Please reproduce exactly, and only, the line containing "Ожерелье + часы" and every line after it to the end of the records below, leaving out all pictures.

Excerpts from a dataset
Content starts
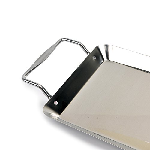 Serving plate have integrated handle makes from grill to served quick and easy without mess. Can also place under the hanger and grill vegetables with dripping to add flavor.
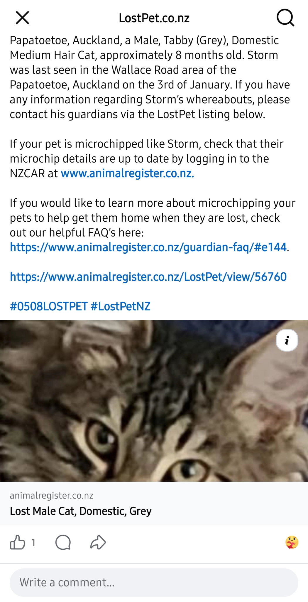 Have you seen Storm? Please help us by checking your garage, attic, shed, and outdoor spaces.
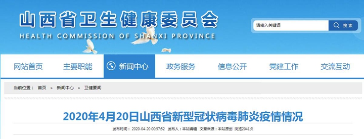 2020年4月19日0-24时,山西省本地无新增新冠肺炎确诊病例、疑似病例和无症状感染者。累计报告确诊病例133例,治愈出院133例。
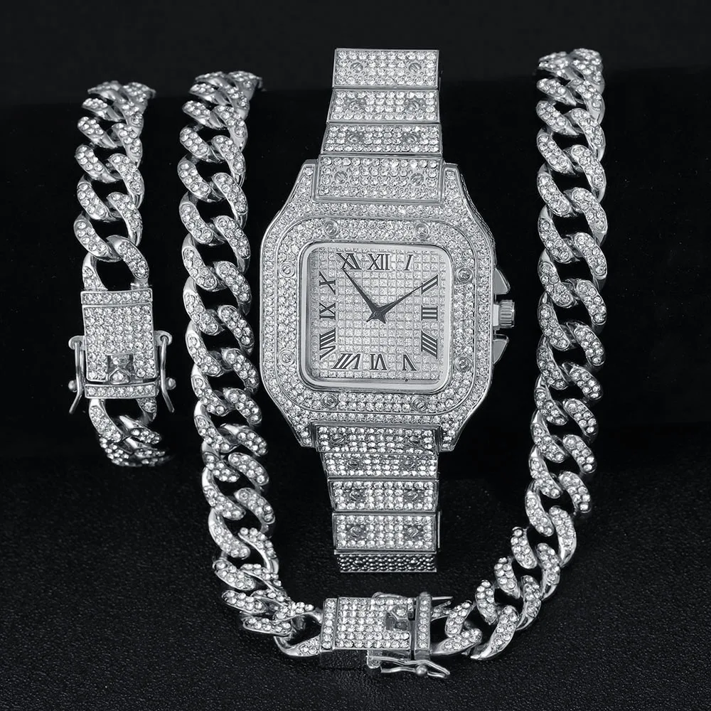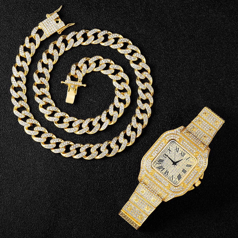 Ожерелье + часы + браслет из нержавеющей стали хип-хоп МАЙАМИ панцирная кубинская цепь украшенная камнями Стразы для мужчин ювелирные изделия
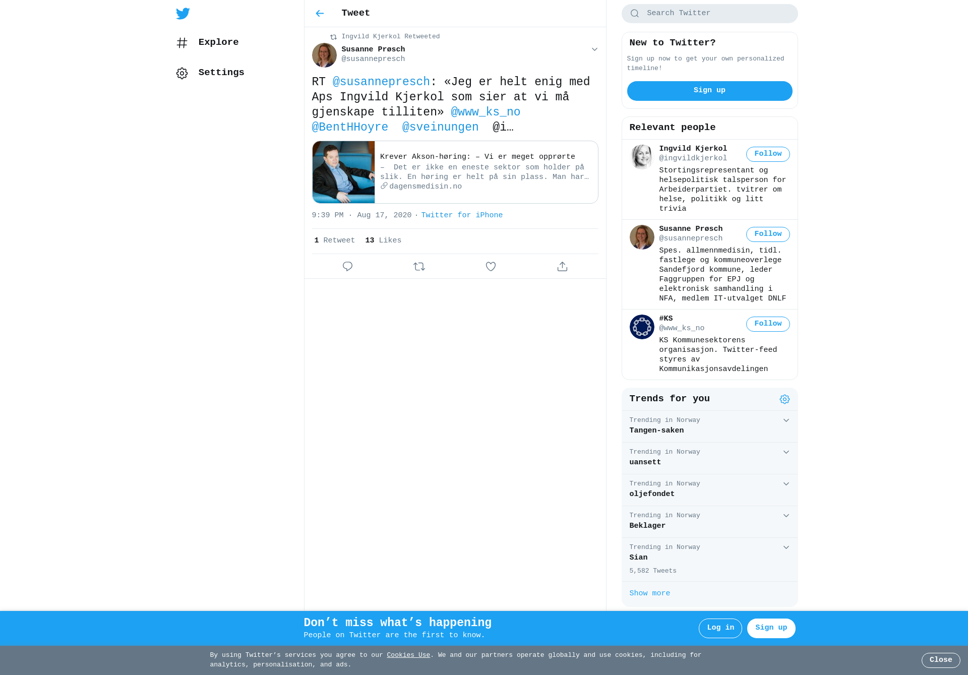 RT @susannepresch: «Jeg er helt enig med Aps Ingvild Kjerkol som sier at vi må gjenskape tilliten» @www_ks_no @BentHHoyre @sveinungen @ingvildkjerkol @DirEhelse @Aftenposten @dagsnytt18 #Akson https://t.co/yrWWGndaRN
Content ends
● FINISHED TASK
 Ожерелье + часы + браслет из нержавеющей стали хип-хоп МАЙАМИ панцирная кубинская цепь украшенная камнями Стразы для мужчин ювелирные изделия
 RT @susannepresch: «Jeg er helt enig med Aps Ingvild Kjerkol som sier at vi må gjenskape tilliten» @www_ks_no @BentHHoyre @sveinungen @ingvildkjerkol @DirEhelse @Aftenposten @dagsnytt18 #Akson https://t.co/yrWWGndaRN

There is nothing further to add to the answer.